The Morality We Bring with our Existence
We have argued in other posts here that the universe exhibits an intentionality that manifests as intuition through the intuition of its Meaning (the final purpose of everything). Nevertheless, the universe cannot modify its own nature and it has no consciousness of itself; it is incapable of making deliberate decisions – its actions are always therefore intuitive ones, blundering rather than flowing through intention. Seen in this way, we can say that the universe has evolved into its laws via a blind process of selection through trial and error. In turn, the laws have sustained a directionality of accidental evolutions that have developed their own intentionality, and allowing for the creation of the meaningfulness of existence through the presence of consciousness in the universe – albeit, a consciousness that is experienced not by the thing-in-itself, but by its individual parts.
The state of existence through consciousness, i.e. the Ideal State, should be considered as the first realisation of Meaning in a full sense (with a capital M). This Meaning that comes from perceiving and knowing, must be measured qualitatively against the blind, intuitive cosmic purposiveness beginning with the primordial spark of intuition which first produced dimensionality, then matter and forms in that dimensionality, out of the meaningless void that preceded it.
At the physical level of reality the difference between the Ideal State and the matter and forms of reality created through trial and error are (almost) irrelevant – once meaning is intuited by the universe it becomes an essential part of it. However, from a qualitative standpoint the difference is existentially immense and deeply profound.
Because of this qualitative difference that we, as the knowing, conscious, and (potentially) rational components of the universe, all possess in ourselves, our being here is impressed with a cosmological importance and moral responsibility at an existential level of everything that points to another kind of humanity, vastly different from the kind of individuals being produced by civilisation as we understand it today. In other words, we are just not who we should be.

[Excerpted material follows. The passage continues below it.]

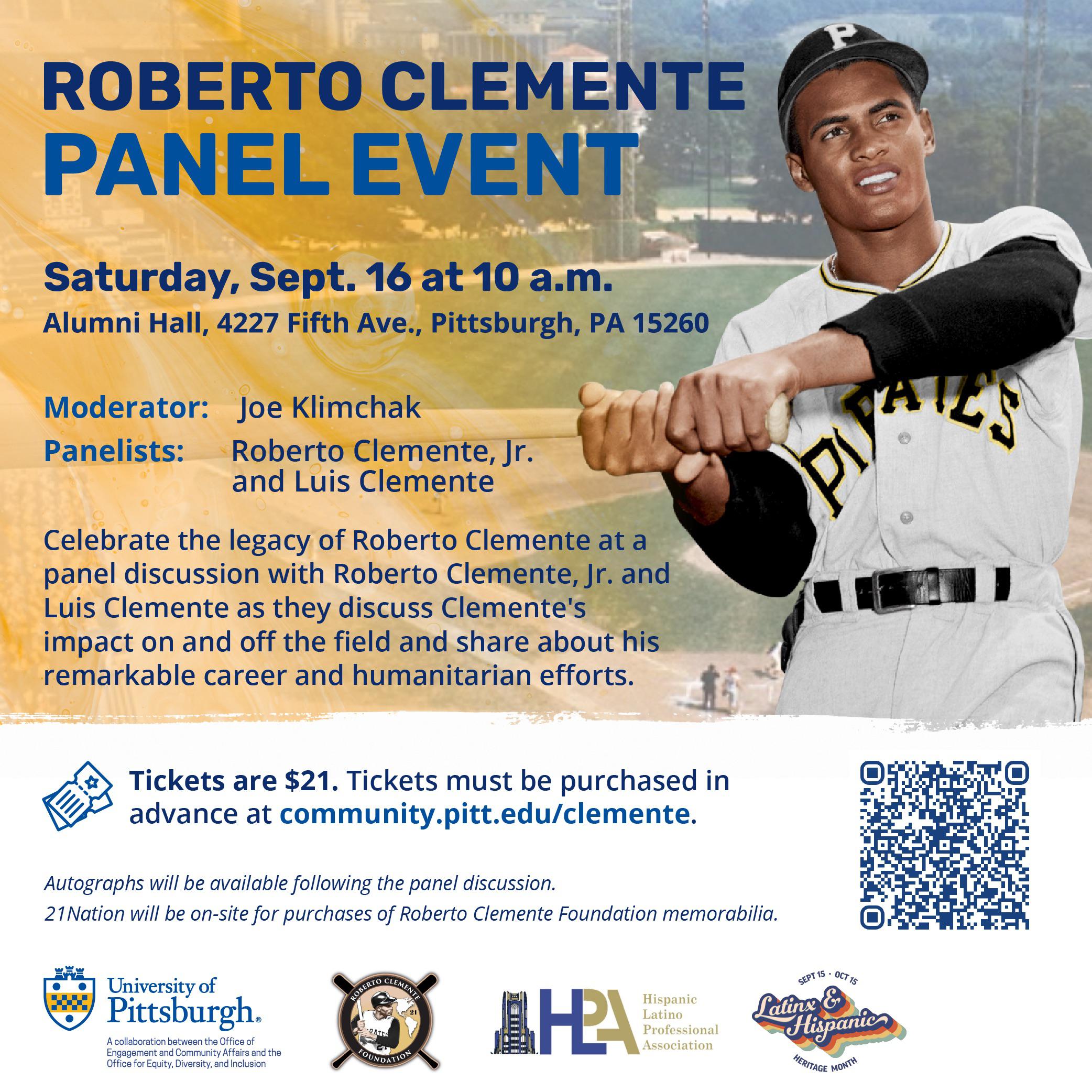 Join the University of Pittsburgh and the Roberto Clemente Foundation for a panel discussion celebrating the legendary Roberto Clemente on Saturday, Sept. 16 at 10 a.m. in Alumni Hall located at 4227 Fifth Avenue, Pittsburgh, PA 15260.

This is not because the truth concerning our reason for being here is so hard to understand or find, but because it is so difficult to accept, for all the responsibilities such an acceptance contains.
The first moral lesson to be taken from this is that:
The world (universe) does not exist for me/us, I/we exist for the world (universe).
I live in a surrounding world that I exist for, as through my existence the world attains a part of its Being (where Being = being perceived and cognised).
The world exists for me, but only because I exist for it. If I were not part of the world’s intuitively developed intention for existence I would never have existed myself. Around me are other subjective, cognitive beings that also exist for the world. In my synthetic activity with the other subjective beings that I am connected with the world becomes constituted in an originally perceived way that grants the world an original form of existence. Our experience and observations regarding our lives in the world around us is an enriching experience not only for us, as subjective agents, but also (more importantly) for the world itself as the object of our original perception.
The amalgamation of all these original syntheses of perception belonging to humanity and other perceiving organisms (in past, present and future states) make up the grand synthesis which constitutes the existence of the universe. It is from this perception of reality that an authentic and spiritually honest morality for all humanity can be constructed.